Latency ignored at 1080p60: 4-16ms
Pretending display is instantaneous
In our in-house developed SDI card we went to painful lengths to make sure that when we write data to the SDI card it will appear on screen in less than 1ms (assuming the monitor does no processing). But it’s widely known that computer desktops have around 100-200ms of latency. Measuring the rendering delay of a desktop operating system is a complex problem. There are a lot of different factors involved: GPUs don’t immediately present video to the screen, there’s unpredictable Operating System scheduling, application latencies, power saving modes etc. The linked articles explain very well how this latency is accumulated in modern computer systems.
So how do desktop/browser based videoconferencing protocols like claim 30ms? They often show a side-by-side comparison which inherently cherry-picks the latency measurement. This is because both sides of the comparison have the desktop display latency included. That might be fine for screen sharing but for interactive applications with video there’s an extra 100ms or so of latency that is ignored. This is why while the numbers for WebRTC latency might look good, they are not comparable to professional broadcast equipment designed specifically to minimise latency from capture to playback.

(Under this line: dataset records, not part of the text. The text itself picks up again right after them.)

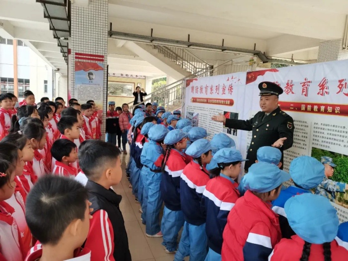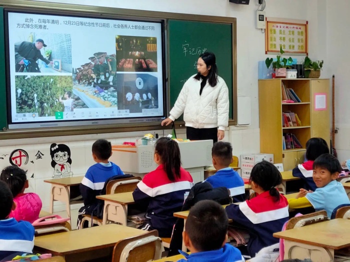 主题班会课上,各位班主任通过播放图片、视频,对国家公祭日设立的意义进行深入浅出的讲解,引导队员深刻了解“国家公祭日”的内涵,激励队员勿忘国耻,振兴中华。而在学校的国防宣传栏前,贺部长更是领着孩子们讲国防知识、讲祖国的军事的日益强大、讲自己的军旅故事……孩子们听得很入迷,好奇地询问着、分享着,当兵卫国的种子悄然发芽了!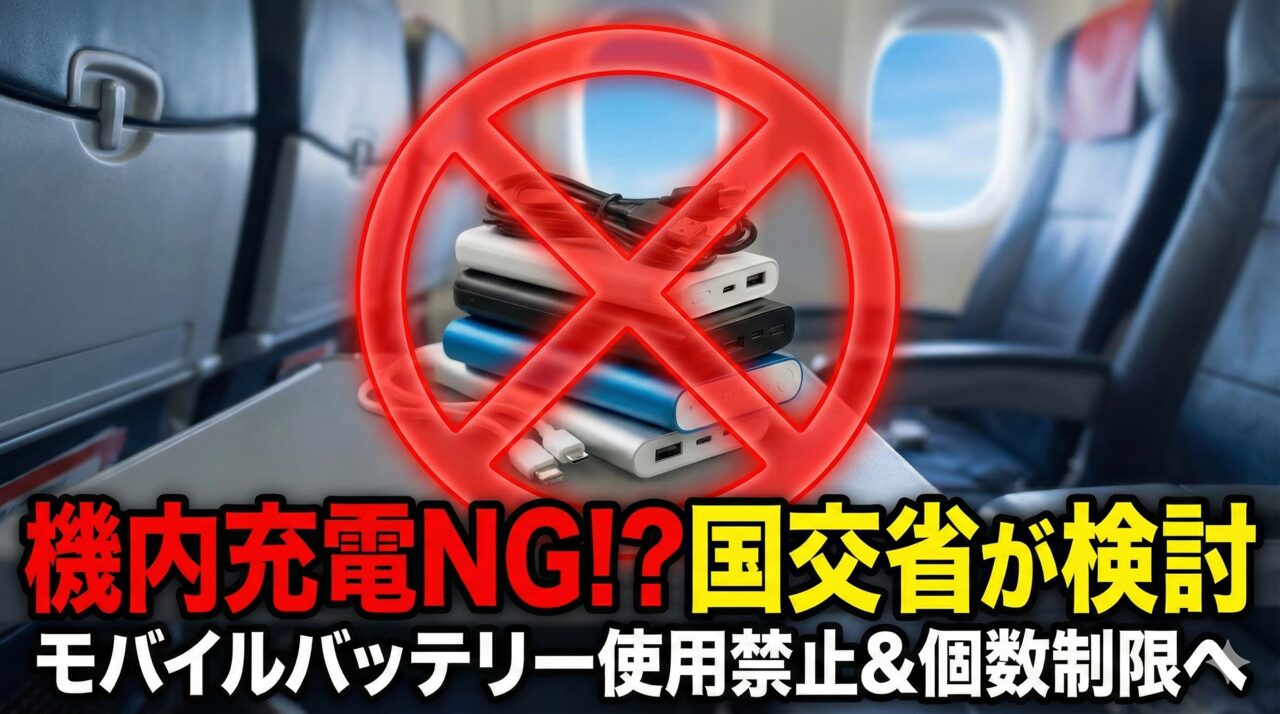 今回のニュースの核心は、国交省が有識者会議で「機内でのモバイルバッテリー使用禁止」や「個数制限の具体化」を議論しているようです。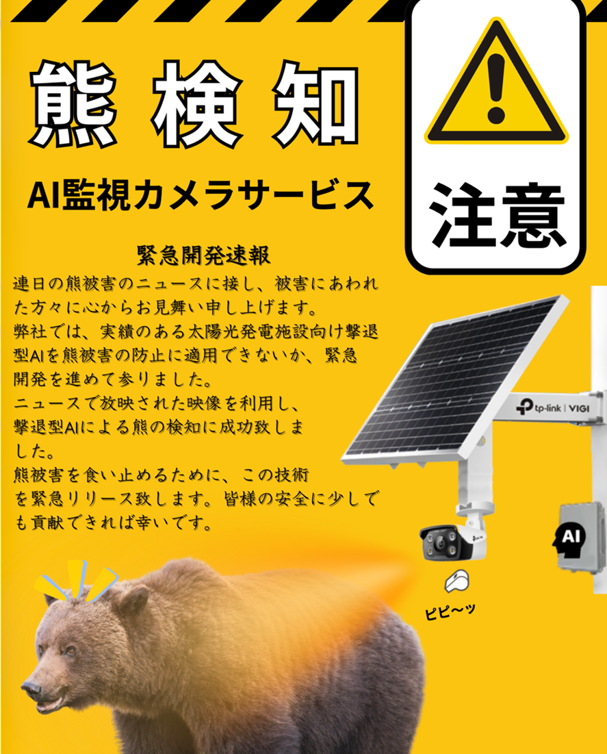 弊社が太陽光発電施設の盗難抑止として開発致しましたソーラーパネル型AI監視カメラを用いて、熊検知に対しても精度良く対応出来る開発に成功致しました。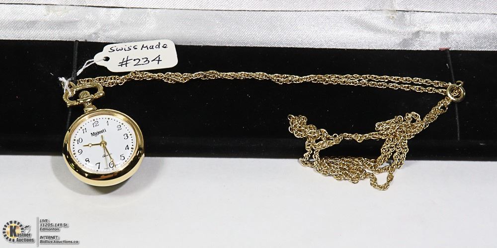 NEW BRAND NAME ( MAJESTI ) SWISS MADE POCKET WATCH IN GOLD TONE LONG 24" CHAIN IN VELVET BLACK CASE-JEWELLERY

Latency ignored at 1080p60: Up to 100ms
Conclusions
We’ve shown that many measurements of latency are heavily cherry-picked to produce numbers which are low and ignore the full capture and playback pipeline. The accumulation of all these values (adding up to nearly 200+ms in many cases) produces a much larger latency than many people claim.
We’ve always been open and transparent about the latency in our products. We ship 100ms at 1080p60 in our encoders and have demonstrated 64ms latency using more sophisticated techniques not commonly used in software at tradeshows. This is the lowest latency possible of an encoder in our class.
We also covered the limitations of technologies like WebRTC in a professional environment in the blog post Why Does MPEG Transport Stream still exist (for example lack of interlaced support).